The purpose of clinical trials is to determine if the procedure is safe, effective and better than existing treatment. From the link it was "45 Valve-in-Valve surgeries performed in elderly patients". This has no bearing on people in their 20s to 60s, other than to provide hope...possibly false hope.

If these elderly patients are like my mother-in-law, she passed away due to other things only 3 years after her VR. How do you tell a valve's long term viability with "elderly patients?" You cannot. Just because it works with elderly high risk patients, does not mean it will be proven better in low risk people in their prime of life. There is still a lot of work and years ahead.
Yes, so far only uses of this is among elderly and high-risk who could not withstand traditional surgery. Five years ago, I heard the same thing here: oh, they'll all be catheter replaced in the future. Five years later, there's no change in TAVI being used only for elderly and high risk.

The problem is we don't know when that future will be, and even if it is common, my hunch is not everyone will be a good candidate.

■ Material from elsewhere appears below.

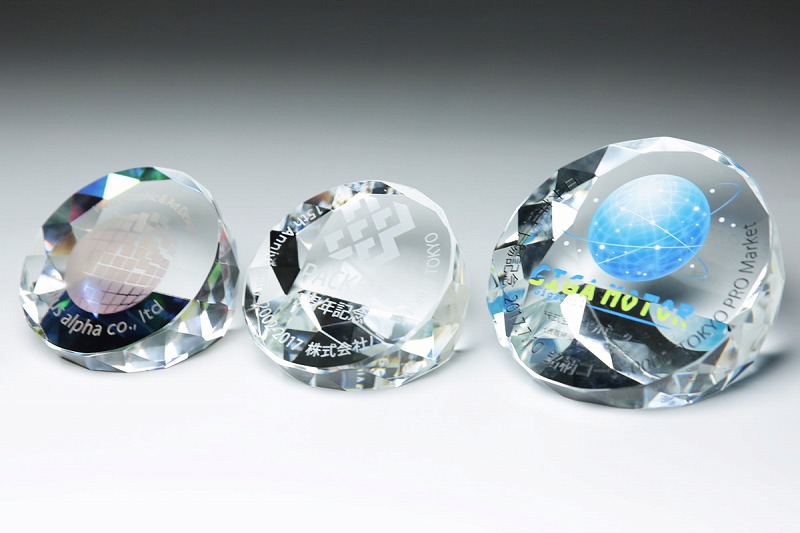 クリスタル製のペーパーウェイトをまとめたカテゴリ。各種記念品や表彰などの記念品向けにレーザー刻印やサンドブラスト加工に対応しています。

I would not base my decision of valve choice on what might be available when next one is needed and if I might be a candidate for that.
 
Agreed, we cannot predict the future, but I am an optimist. I am not a cardiologist but I believe minimally invasive open heart surgery was not an option perhaps 15 years ago, but it has evolved into an alternative surgical approach today provided the candidate meets the requirements -- I hope the same for TAVI. Nita
 
Hi

...but I believe minimally invasive open heart surgery was not an option perhaps 15 years ago, but it has evolved into an alternative surgical approach today provided the candidate meets the requirements -- I hope the same for TAVI. Nita


I'm a little lost, what is minimally invasive Open Heart Surgery?